Homa will be at Bethpage next week in the PGA Championship, along with seven other first-time winners on the PGA Tour’s 2018-19 season. This will be Homa’s first trip back to the New York area since the 2013 Walker Cup at National Golf Links. “It’s sort of sweet,” he said. “I can’t wait.”
Neither can fellow first-time winners Cameron Champ, Kevin Tway, Adam Long, Martin Trainer, Keith Mitchell, Corey Conners and C.T. Pan. All of them are feel-good stories, all of them now belonging to the same Tour-winner fraternity that includes players far more familiar to the public than themselves.
“I doubt a lot of people knew who I was until this past weekend,” Homa said.

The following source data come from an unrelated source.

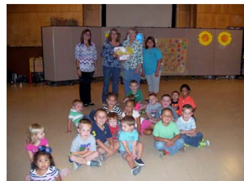
Open Doors Daycare
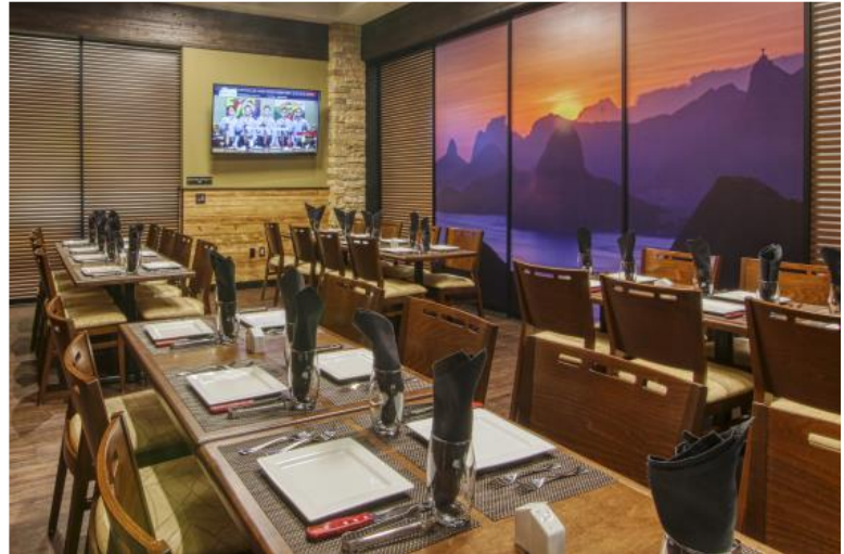
Rio Room 2 - 32 people
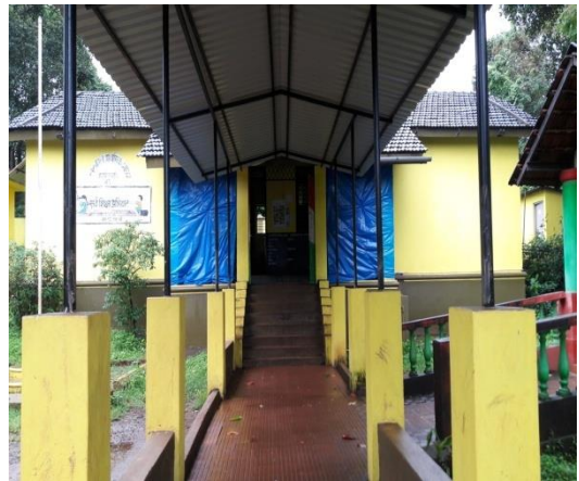
HALDANWADI PRIMARY SCHOOL
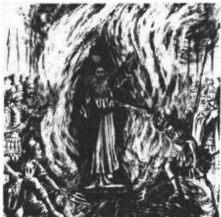
Polycarp not being burned by the flames of the fire is thrust through with a spear.

The proconsul, or chief officer of the government, then tried very hard to persuade Polycarp to renounce Christianity and swear by the gods of Rome. Polycarp listened attentively to all he had to say, and then gave this as his noble answer: "Eighty and six years I have served my blessed Saviour. He has done nothing but bless me all the time; then how can I forsake him now?" Then he was led forth to execution. The officers had determined that he should be burned
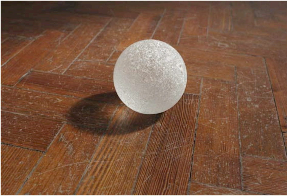
History Makes a Young Man Old, 2008 Crystal ball rolled to its destination, 10 cm in diameter
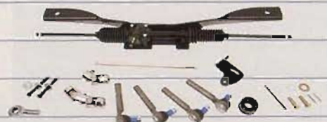
1968-70 Rack and Pinion Kit Part #: 800088001

Mustang (1964 1/2 -73) Printed Catalog Mustang (1979-Present) Online Only YearOne SpeedShop Performance
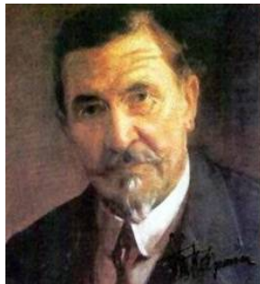
Stevan Stojanovic Mokranjac composer
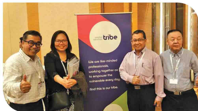
▲ Social Service Summit 2017 to discuss progress and actions towards a future ready sector ~ July 2017 社会服务峰会讨论未来慈善团体的进展与方向
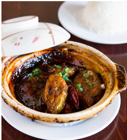
54. Caramelized Catfish Claypot
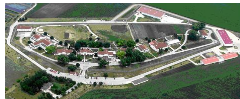
North Central Correctional Facility

Persons interested in employment opportunities within the Newton Correctional Facility should visit the Iowa Department of Corrections website at http://www.doc.state.ia.us . For questions regarding employment at the Newton Correctional Facility you may contact our Personnel Director at (641) 792-7552. The facility is located at 307 S 60th Ave West, Newton, IA 50208.
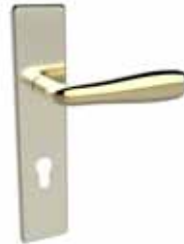
PRIMORDIAL MORTISE HANDLE Godrej Locking Solutions & Systems
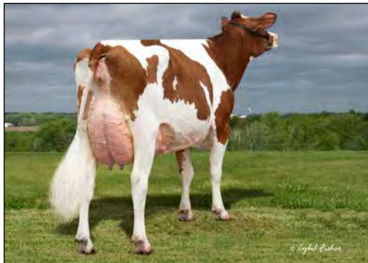
MILKSOURCE LVRG TINA-RED-ET EX-91 EX-MS DAM OF LOT 37

Pennsylvania Holstein Convention Sale THE PLACE TO BE IN 2023!

Maybe not “a lot,” but certainly some significant names were aware of Homa. For the first 24 hours following his win, there was no stopping the text messages and the calls, from Green Bay Packers quarterback Aaron Rogers, from Golden State Warriors forward Andre Iguodala, from PGA Tour commissioner Jay Monahan. “I appreciate everybody reaching out. It’s been a blast,” Homa said from his home in Scottsdale, Arizona, admitting, “I’m a little bit startled by it.”

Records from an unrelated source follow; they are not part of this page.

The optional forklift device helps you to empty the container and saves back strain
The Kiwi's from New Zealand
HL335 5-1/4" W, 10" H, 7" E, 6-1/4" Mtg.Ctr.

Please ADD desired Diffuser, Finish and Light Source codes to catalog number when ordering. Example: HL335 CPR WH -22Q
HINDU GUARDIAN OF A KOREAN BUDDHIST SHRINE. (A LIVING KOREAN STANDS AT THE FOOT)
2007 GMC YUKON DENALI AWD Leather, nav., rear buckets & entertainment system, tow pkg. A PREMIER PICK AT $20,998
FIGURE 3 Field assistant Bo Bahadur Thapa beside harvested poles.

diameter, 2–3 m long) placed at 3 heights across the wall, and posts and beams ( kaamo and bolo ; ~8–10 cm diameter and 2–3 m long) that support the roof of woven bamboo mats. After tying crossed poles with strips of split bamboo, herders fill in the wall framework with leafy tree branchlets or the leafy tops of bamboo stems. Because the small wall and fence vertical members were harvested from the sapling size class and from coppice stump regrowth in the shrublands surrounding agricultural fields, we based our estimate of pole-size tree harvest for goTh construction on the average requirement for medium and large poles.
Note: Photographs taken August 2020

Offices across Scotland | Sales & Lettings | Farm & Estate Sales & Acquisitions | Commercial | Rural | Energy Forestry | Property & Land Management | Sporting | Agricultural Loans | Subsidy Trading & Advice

Known more for his tweets than his birdies, Homa hardly looked startled on the back nine Sunday at Quail Hollow. It was like he was playing for Cal-Berkeley again, the clock set back to 2013. Homa was vibing like a multi-winner and people were appreciating it.

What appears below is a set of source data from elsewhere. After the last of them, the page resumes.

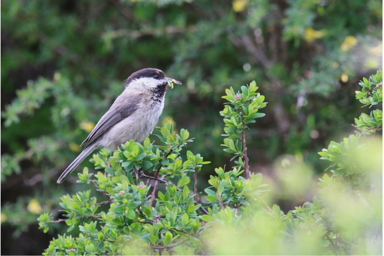
Sichuan Tit at Chuanzhusi

Thrush was singing on top of pine tree in the early morning. 2 Grey-headed Woodpecker were spotted in 2 difference place and time. 4-6 Tibetan Siskin feeding flowers on the bushes as well. Near to Jiuzhaigou NNR entrance we got great view of a Spectacled Fulvetta . Inside the park, got 3-4 Pere David's Tit , 2 Hodgson's Treecreeper, 3 Indian Blue Robin, 2 Slaty Bunting male and female.
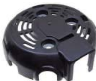
46-82286 SRE Cover

For: Alfa Romeo DIM: 128.5mm OD Replaces: OE: 104211-8660 Lester: 21184 Ref: Note:
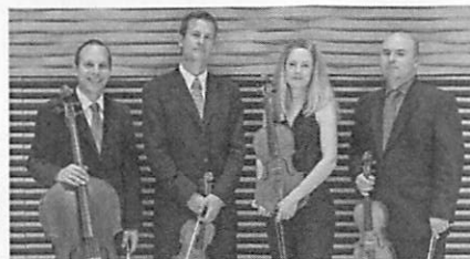
ST. LAWRENCE STRING QUARTET — 11.15.2014
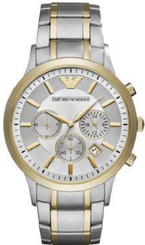
Chronograph Two Toned

“I just called him to congratulate him, tell him how impressive it was to watch him seize the tournament, fight through the years,” Monahan said in a text, “How exciting the road ahead is and just wanted to make certain he had a chance to watch ‘Game of Thrones.’”
The “Game of Thrones” reference the commissioner made was in reference to a Homa tweet about missing the popular show in lieu of the post-victory whirlwind that lasted through Monday night, when Homa had a chance to catch up with college coach Steve Desimone.
The hardship of missing 15 of 17 cuts in a single season, or making more money playing pro-ams than from tournament purses, as Homa did early in his career, doesn’t come close to the scare Desimone faced in multiple myeloma, when he retired in May 2016. Now in remission for three years, Desimone talked about how far Homa’s come since his days at Berkeley – after UCLA passed him over – how his attitude could have been better during their years together, how it all seemed worth it on Sunday night. “There’s two parts,” Desimone said of the bond. “There’s life and there’s your profession.”
With Homa closing in on his first Tour win, Desimone kept flashing back to Homa’s course-record 61 that he posted in the 2013 Pac-10s at LA North. That 2013 Cal-Berkley team was one of the best, if not the best in NCAA men’s history – though it didn’t win the national title. “It’s fun reflecting on that team, How far we’ve all come,” Homa concluded. “How that’s not a guarantee for a great career.”
Two years ago, Homa was carrying his own bag in second stage of Web.com Q-School. Now, at 28 years old, he’s a PGA Tour winner with his future in focus. A future that now includes a maiden major start at the PGA Championship.